For each population loading matrix, we checked that no Heywood cases were present and that the reproduced population correlation matrix was positive definite. From each true population matrix Λ, 1,000 pseudo-population matrices were obtained with N = 50,000. In the first step, a correlation matrix R* was obtained as R = Λ ΦΛ + Θ2 , where Λ is the population loading matrix, Φ is the population inter-factors correlation, and Θ is a diagonal matrix with unicities. Then we computed the Cholesky decomposition of R*=L'L, where L is an upper triangular matrix. The pseudo-population data matrix of continuous variables X was finally obtained as X = ZL, where Z is a matrix of random standard normal scores, with rows equal to the corresponding sample size and a number of columns equal to the corresponding number of variables.

The first 100 + 2× m observations of the pseudo-population matrix were taken as the initial sample and the SENECA estimate was computed with the exploratory approach (i.e. the number of factors was not specified), and the confirmatory approach (i.e. the true number of factors was specified). In addition, five levels of accuracy were required for the threshold value of CRMSR: 0.05, 0.04, 0.03, 0.02, and .01. Appendix shows the pseudo-code in R language that was used to obtain the simulated of data for some given population matrices Λ and Φ.

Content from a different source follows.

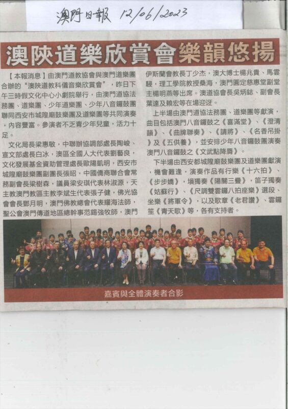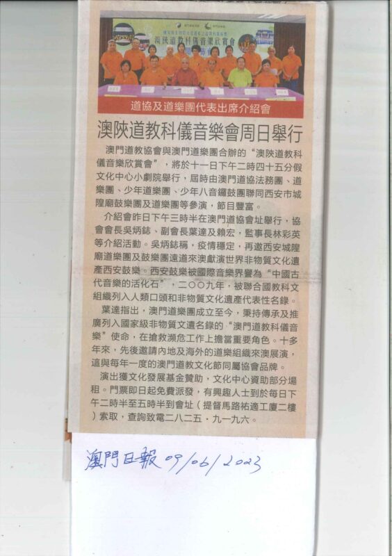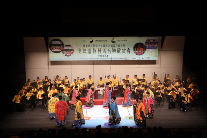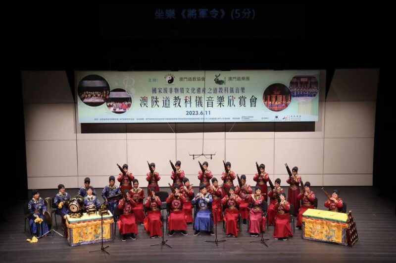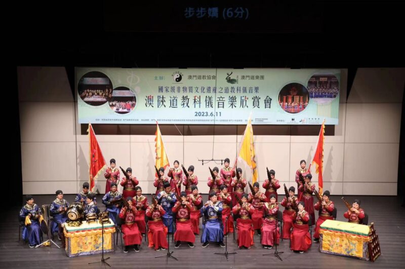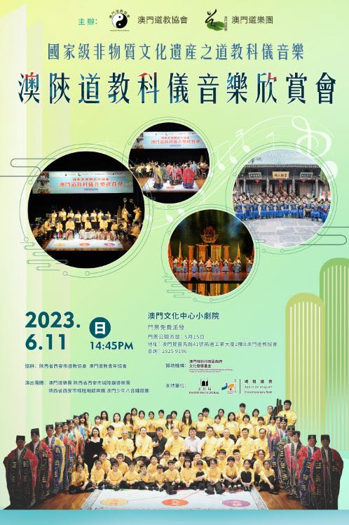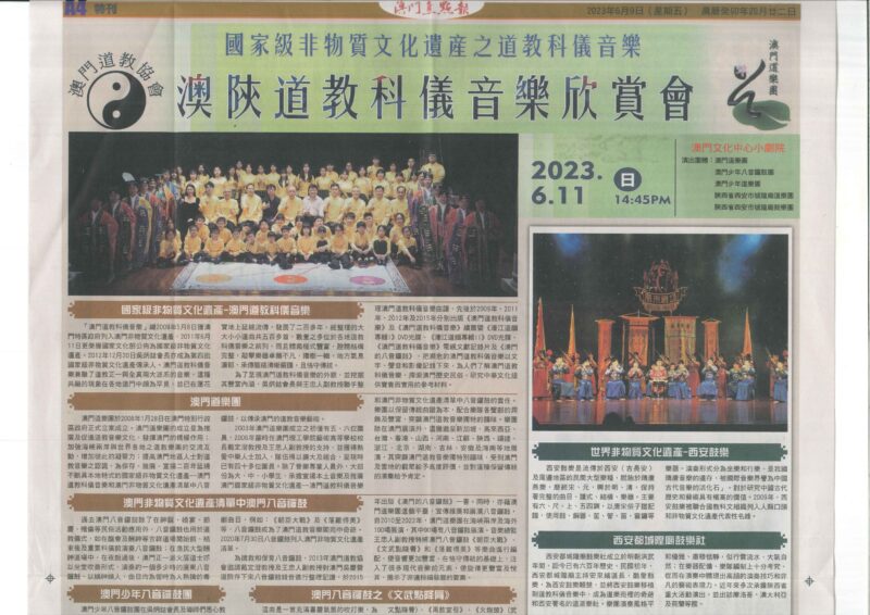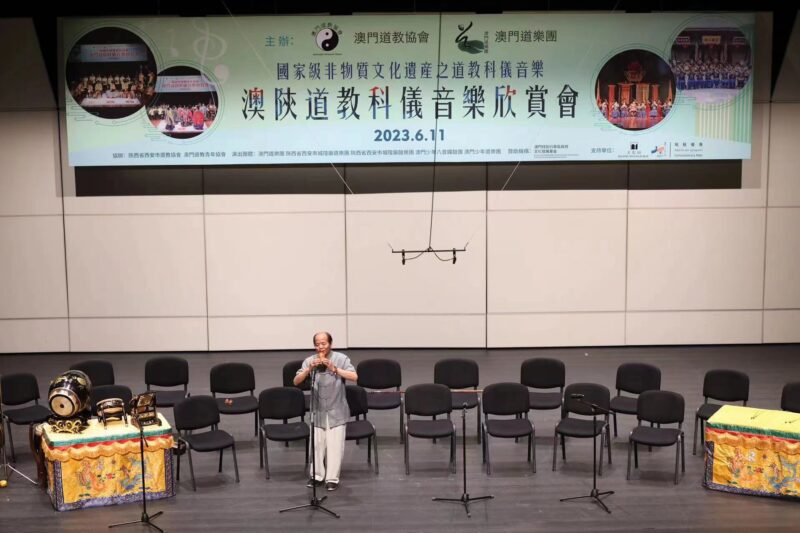 澳門道教協會與澳門道樂團合辦的“澳陝道教科儀音樂欣賞會”,已於2023年6月11日下午二時四十五分假文化中心小劇院舉行,由澳門道教協會法務團、澳門道樂團、澳門少年道樂團、澳門少年八音鑼鼓團、西安市城隍廟鼓樂團及道樂團等參演,將呈獻多首具本土特色的道樂,以及西安都城隍廟樂社曲目。

Once the SENECA estimate had been made, the initial sample of 100 + 2 × m observations was increased to achieve to the number of observations suggested by the SENECA estimate for both (exploratory and confirmatory) approaches, and for each threshold value of CRMSR. These two (exploratory and confirmatory) samples were factor analyzed and the RMSRs between the population loading matrix and the two sample loading matrices were computed.

The SENECA estimate was used to produce a total of 5 (number of factors) × 5 (number of threshold value of CRMSR) × 2 (exploratory and confirmatory approach) × 1,000 (replicas)= 50,000 samples. We implemented the simulation study in MATLAB R2023a MathWorks Inc (Citation2007).

Results of the first simulation study

We observed that the communality level played an important role in the size the SENECA estimate indicated the samples should be. When the communality level was low, the sizes were much larger, and other characteristics of the data set (i.e. number of observed variables and number of factors in the population model) did not have much influence on the outcome. This was particularly the case in the exploratory approach. However, when the communality level was high, the more complex the model was, the larger the sample size had to be. To visualize this outcome, we present the outcomes in terms of low and high communality situations. We used a communality of 0.60 as the threshold between low and high communality levels.

shows statistics for high levels of communality. It shows the mean, standard deviation sample size recommended by the SENECA estimate in terms of the level of accuracy required, and the number of factors of the population loading matrix. As can be observed, the exploratory approach recommended larger samples than the confirmatory approach (i.e. number of common factors specified in advance). The reason is that the second approach adds more information, so samples can be smaller. The number of factors also seems to play an important role: the larger the number of factors, the larger the sample needs to be.

Table 1. Descriptive statistics on the recommended sample sizes and accuracy of the sample loading matrix of solutions with communalities larger than 0.60.

In addition to the results above, the more demanding the required accuracy is, the larger the sample size needs to be (see e.g. Schönbrodt & Perugini, Citation2013). When the accuracy level is CRMSR = 0.05, the recommended sample sizes are quite small, but when CRMSR = 0.01 they are much larger. It should also be noted that when CRMSR is 0.02 or lower some of the recommended sample sizes are extremely large.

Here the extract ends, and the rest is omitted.